As fraud becomes more diverse and complex, companies must prepare for new regulations and enforcement measures. Integrating Fraud Detection into overall risk management frameworks helps companies protect consumers, reduce losses, ensure compliance, and combat financial crime more effectively.
How Does Fraud Detection Work?
Before implementing a Fraud Detection system, a company’s dedicated fraud prevention team conducts a Risk Management Assessment to identify functional areas vulnerable to fraud. The team assigns Risk Scores to evaluate the likelihood and impact of potential fraud, prioritizing the most significant risks. They then assess Fraud Detection solutions suitable for addressing identified threats based on their type and severity.
Common Fraud Detection Techniques including:
- Transaction Monitoring: Transaction monitoring tools automate Fraud Detection by analyzing transaction flows in real time. These tools perform identity verification and account authentication to stop fraudulent transactions as they occur. They also detect unusual patterns or behaviors, such as transaction frequency, amounts, geographic location, or value, to flag suspicious activities for further investigation.
- Statistical Data Analysis: Fraud Detection doesn’t always occur in real time. Statistical data analysis identifies fraud retrospectively by examining historical data. Techniques like data mining, regression analysis, and data analytics help investigators detect and isolate fraud patterns in large datasets. Tools like probability distributions and data matching pinpoint where and when fraud occurred or might occur in the future.

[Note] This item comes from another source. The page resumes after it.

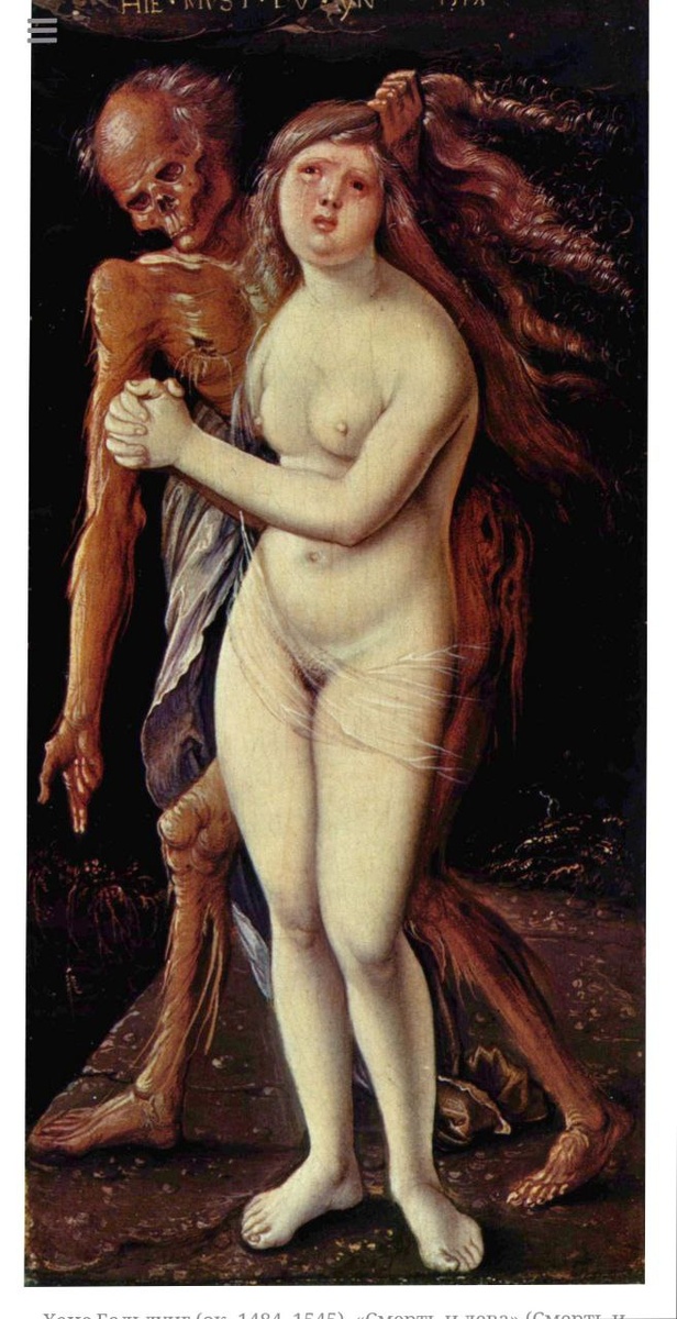 Похожая сцена изображена на более поздней картине Бальдунга «Смерть и дева», также более точно названной «Смерть и похоть» (1517). На этот раз Смерть крепко держит женщину за локоны, и она складывает руки в молитве, прекрасно понимая, какая участь её ждёт. Когда к этой теме вновь обратились во второй половине XIX века, образы изменились. Смерть уже не была мрачным дохристианским жнецом, а представляла собой Ангела Смерти с оперёнными крыльями. #символы_в_искусстве

- Artificial Intelligence (AI): Many organizations now use AI and machine learning to enhance Fraud Detection. Neural networks, a type of machine learning model, can monitor transactions, analyze data, and detect or predict fraudulent behaviors faster and more effectively than traditional methods. Neural networks continuously learn from new data, improving their detection capabilities over time.
Common Types of Fraud Detection
Fraud can appear in various forms, and new types of fraud continuously emerge. Some forms of fraud persist because they exploit vulnerabilities in company processes and systems. Common fraud tactics include:
- Payment Fraud: Payment fraud occurs when a fraudster obtains someone else’s payment information and performs unauthorized transactions. This type of fraud not only causes direct losses but can also lead to other fraudulent activities, as stolen payment information may be used for money laundering or cybercrime.

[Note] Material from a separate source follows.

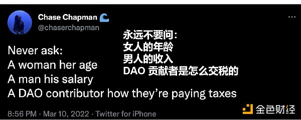 稅務問題會關聯到如何對 DAO 進行法律包裝的問題,這話題引起不了任何人的興趣,但是又對貢獻者的財產安全很關鍵。

- Return Fraud: Return fraud exploits retailers’ return policies to illegitimately claim refunds. This type of fraud is often committed by individuals. Fraudulent returns may involve stolen goods, counterfeit items, used or pre-owned products, or items purchased from other retailers.

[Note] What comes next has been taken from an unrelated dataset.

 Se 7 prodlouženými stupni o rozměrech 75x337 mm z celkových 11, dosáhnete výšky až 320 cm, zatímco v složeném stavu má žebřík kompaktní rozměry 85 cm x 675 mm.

- Automated Clearing House (ACH) Fraud: ACH refers to the method of transferring funds between bank accounts, typically for businesses and organizations. ACH fraud occurs when fraudsters use bank account numbers to commit fraud, such as impersonating employees to change beneficiary account details and steal funds.
- Chargeback Fraud: Chargeback fraud happens when individuals dispute completed transactions to claim refunds. Although companies can contest fraudulent refund requests, these disputes still burden company resources, whether or not the claims are upheld.
- Account Takeover Fraud (ATO): Account takeover fraud occurs when a fraudster gains unauthorized access to an online account, such as a bank account, mobile account, or e-commerce account. The fraudster then uses the account to conduct unauthorized transactions without the consent of the account holder or issuing organization.